I remember the first year I rode the Alta Alpina, Rich and I slept in the back of his GMC. His marriage had just ended, and I tortured myself about what part I had in that, and the ripples through his family that I couldn't possibly know, but had caused.  

I remembered how divorce had shaped my own life. I remember hearing accusations of affairs as I huddled into a staircase. I remember the way a house emptied after the legal proceedings ended. I remember feeling so torn between my mom and dad that the best thing I could do was to say nothing at all.

The winds are so bad up Woodsford Canyon, I'm blown into traffic simply from the wind picking my bike up off the road and setting it someplace new. I'm still riding alone. For 4 of the 5 mountain passes, I have eaten: 1 fig bar, 1 coke, 1/2  PB n J, 5 potato chips. And, I have had a lot of water.

I hate this canyon. Traffic cuts too close to me. A trailer is one inch from my handlebar on the left, and I struggle not to fall as he blasts by me. I slip into my aerobars as I reach Hope Valley and pass two male riders. They arrive at the end of the ride and ask me if I race because I passed them so quickly.

There are so many good moments, even though I feel so absolutely awful. I worry about my friends. Where are they? 

Where am I? I just pedal. I mindlessly pedal as I wheeze. I wonder why I want to be an athlete so badly, and what it would mean for me if I did become one since I'm not good at suffering. As the winds push and gust against me, I think I'm really shitty at this. 

I keep going., So slow, I pedal and pedal, and I feel guilt. I helped no one do this ride. I missed my own mark of completing the ride under eight hours as the wind flings me around like a toy up Carson Pass. My legs have hardly anything left in them, but I keep pedaling because that's all I can do. 

*

When I reach the finish line after 8 and a half hours, I don't know why the volunteers cheer me on.
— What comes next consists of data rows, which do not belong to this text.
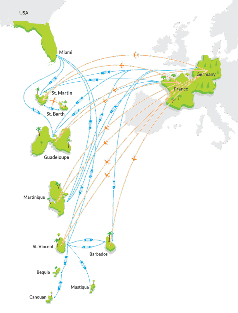 Major international shipping partners, regional carriers and own air and sea transport, equipped with full cooling capacity for fast, reliable, and fresh deliveries across the Caribbean.
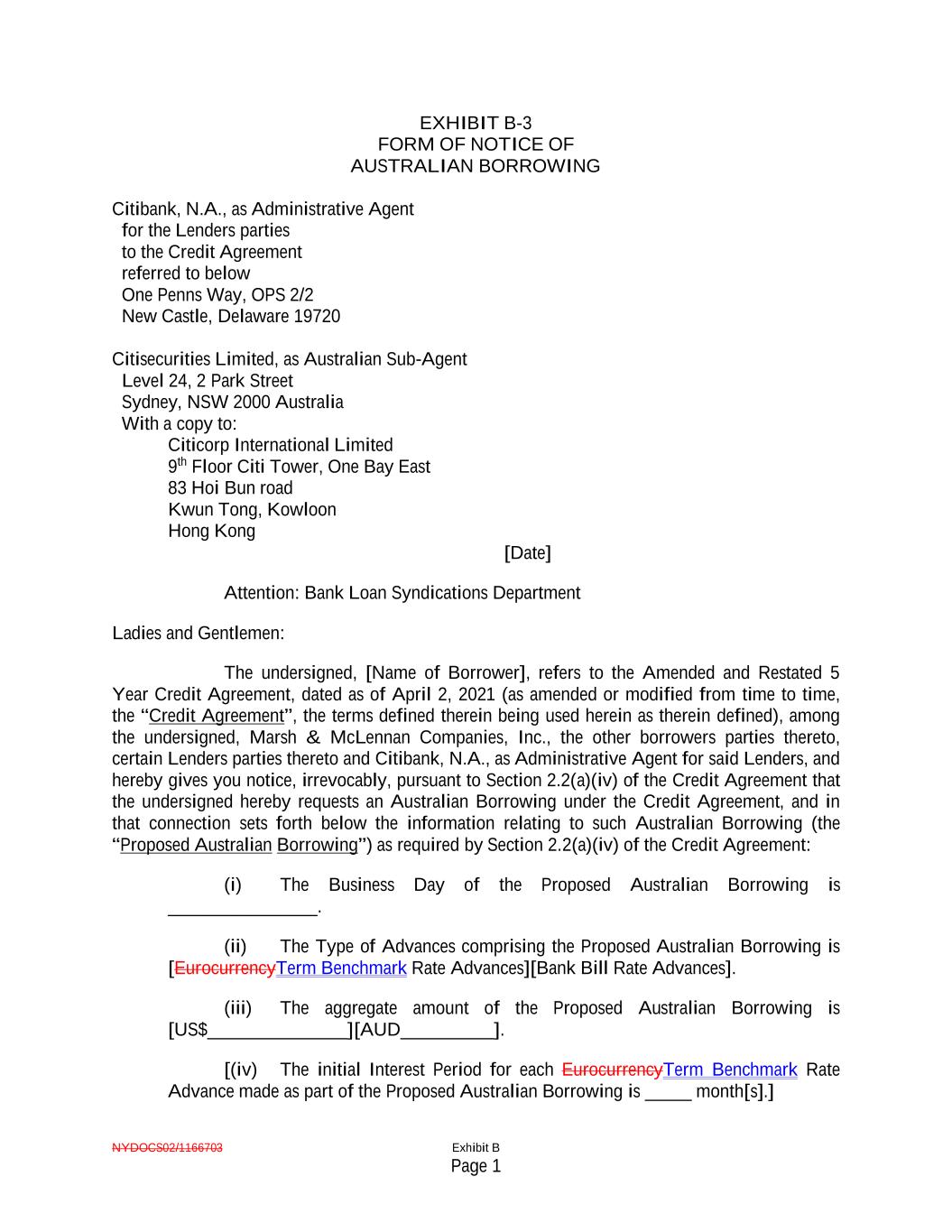 NYDOCS02/1166703 Exhibit B Page 1 EXHIBIT B-3 FORM OF NOTICE OF AUSTRALIAN BORROWING Citibank, N.A., as Administrative Agent for the Lenders parties to the Credit Agreement referred to below One Penns Way, OPS 2/2 New Castle, Delaware 19720 Citisecurities Limited, as Australian Sub-Agent Level 24, 2 Park Street Sydney, NSW 2000 Australia With a copy to: Citicorp International Limited 9th Floor Citi Tower, One Bay East 83 Hoi Bun road Kwun Tong, Kowloon Hong Kong [Date] Attention: Bank Loan Syndications Department Ladies and Gentlemen: The undersigned, [Name of Borrower], refers to the Amended and Restated 5 Year Credit Agreement, dated as of April 2, 2021 (as amended or modified from time to time, the “Credit Agreement”, the terms defined therein being used herein as therein defined), among the undersigned, Marsh & McLennan Companies, Inc., the other borrowers parties thereto, certain Lenders parties thereto and Citibank, N.A., as Administrative Agent for said Lenders, and hereby gives you notice, irrevocably, pursuant to Section 2.2(a)(iv) of the Credit Agreement that the undersigned hereby requests an Australian Borrowing under the Credit Agreement, and in that connection sets forth below the information relating to such Australian Borrowing (the “Proposed Australian Borrowing”) as required by Section 2.2(a)(iv) of the Credit Agreement: (i) The Business Day of the Proposed Australian Borrowing is ________________. (ii) The Type of Advances comprising the Proposed Australian Borrowing is [EurocurrencyTerm Benchmark Rate Advances][Bank Bill Rate Advances]. (iii) The aggregate amount of the Proposed Australian Borrowing is [US$_______________][AUD__________]. [(iv) The initial Interest Period for each EurocurrencyTerm Benchmark Rate Advance made as part of the Proposed Australian Borrowing is _____ month[s].]
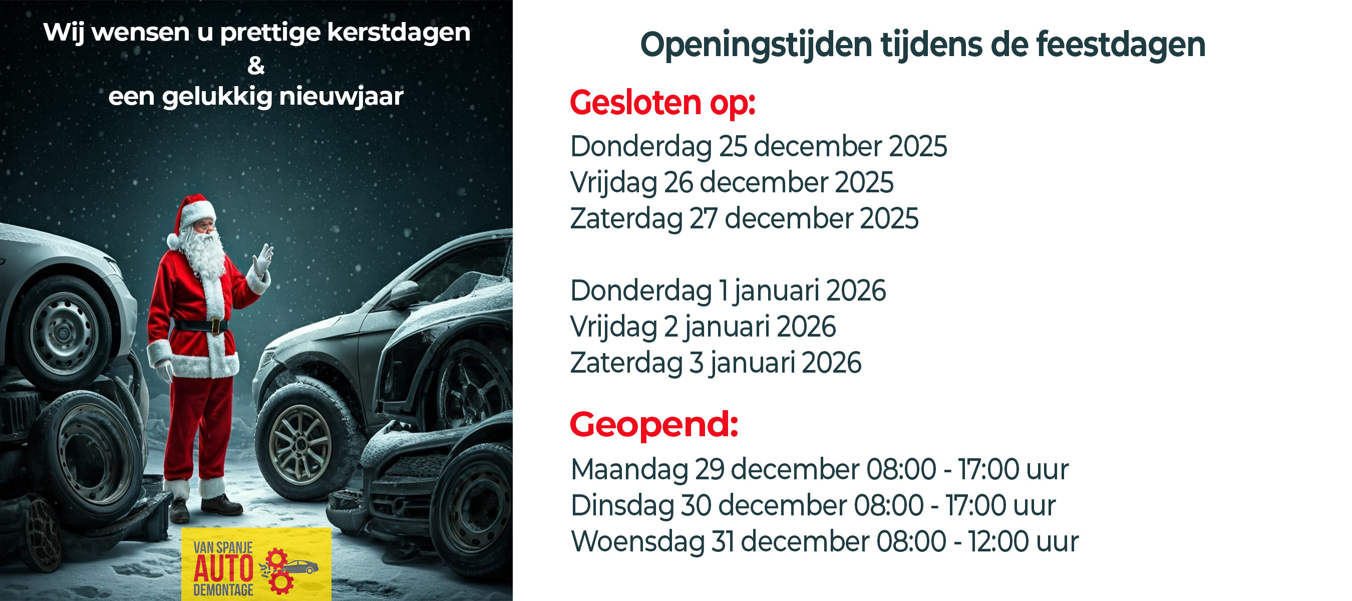 Autodemontage van Spanje B.V. streeft er naar op deze website altijd juiste en actuele informatie aan te bieden. Hoewel deze informatie met de grootst mogelijke zorgvuldigheid is samengesteld, staat Autodemontage van Spanje niet in voor de volledigheid, juistheid of actualiteit van de informatie. De juridische informatie op de website is van algemene aard en kan niet worden beschouwd als een vervanging van juridisch advies.
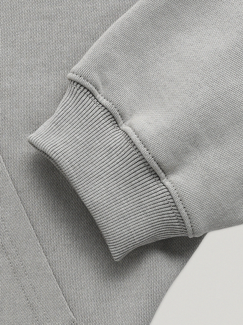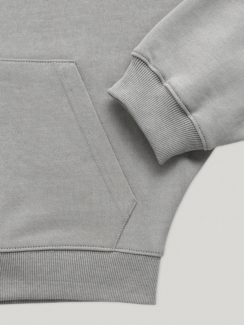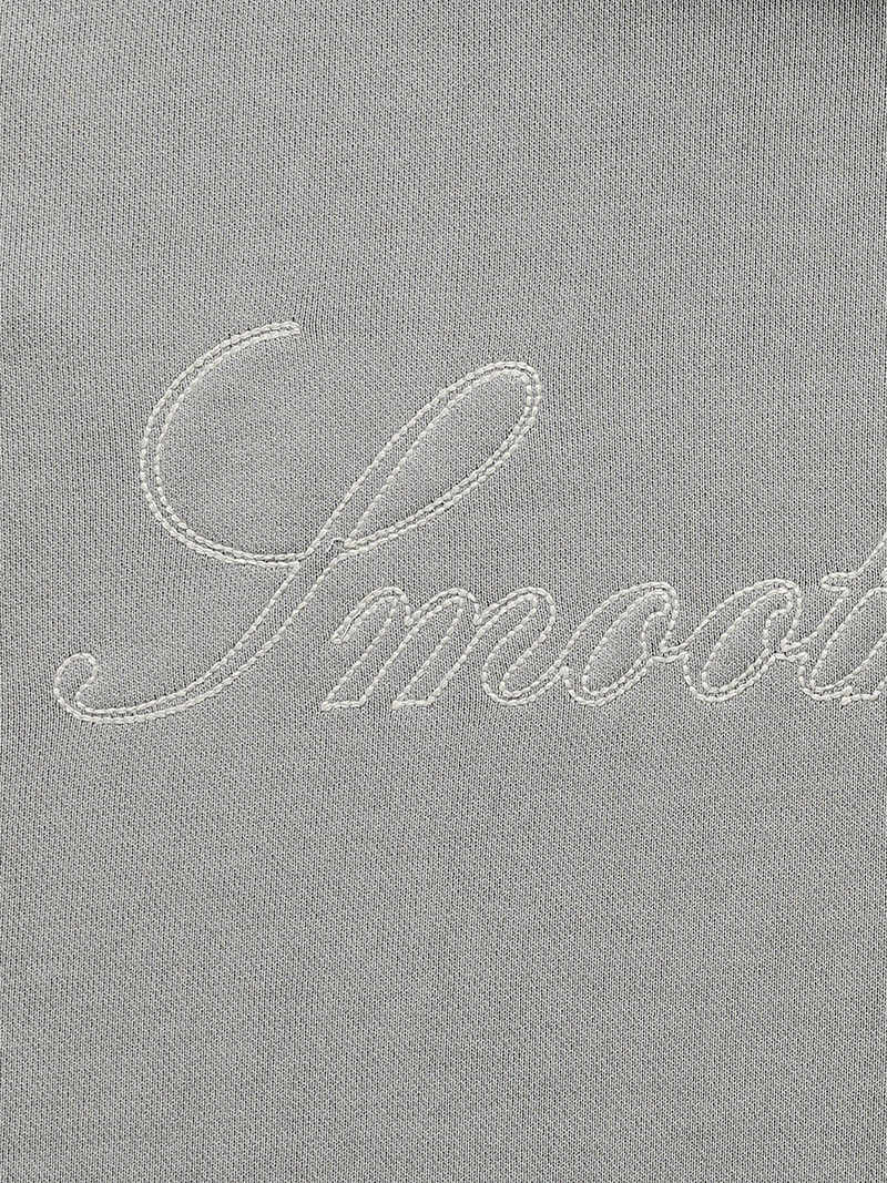 胸元(またはポイント)にはSmoothmoodイタリックロゴのスティッチ刺繍を配し、ディテールまで丁寧に仕上げました。ソフトで淡く、彩度を抑えたロウグレー。

When I come to a full stop, they tell me I'm the second woman in for the day. I'm the twelfth rider to sign the board. Rich will later tell me that's kind of amazing since most people start the ride around 3:00 or 3:30 am (two hours before I did.) 

I eat an ice cream sandwich. Another rider takes a picture with me since we are both doing the CA Triple Crown Stage Race. 

I am blown down from Carson Pass, down Woodford Canyon to the finish at Turtle Rock Park. I change into normal clothes, and find a spot on a boulder far from the road to watch the riders enter the "finish line." It is a cornucopia of ages, bikes and body types. I try to pull some meaning from watching young and old; experienced and beginner-- I come to no conclusion.

I wonder about what it can mean to be an athlete. What does it mean or not mean? With the retrospect of 24-hours, I can say that there are things I'm good at and others that I'm not. I can get up at 4:00 am and I can ride so many miles each week. I can ride 120 miles on basically water. I can keep going when most sane people would stop. 

I can't help other people. I can't inspire. I can't look a young person in the eye and say that they have so much life in front of them, and that their identity isn't attached to the worst decision they ever made. I can't save a family, or make a home. 

What I do, and what I am incredibly good at: I can get up, and I can ride. I can disappear into time, fall into the landscape and simply keep going. I can cry. I can feel terrible. 

I also know that 4:00 AM comes early. I can disappear into the miles. David Foster Wallace said that athletes are articulately inarticulate. Perhaps that is my gift.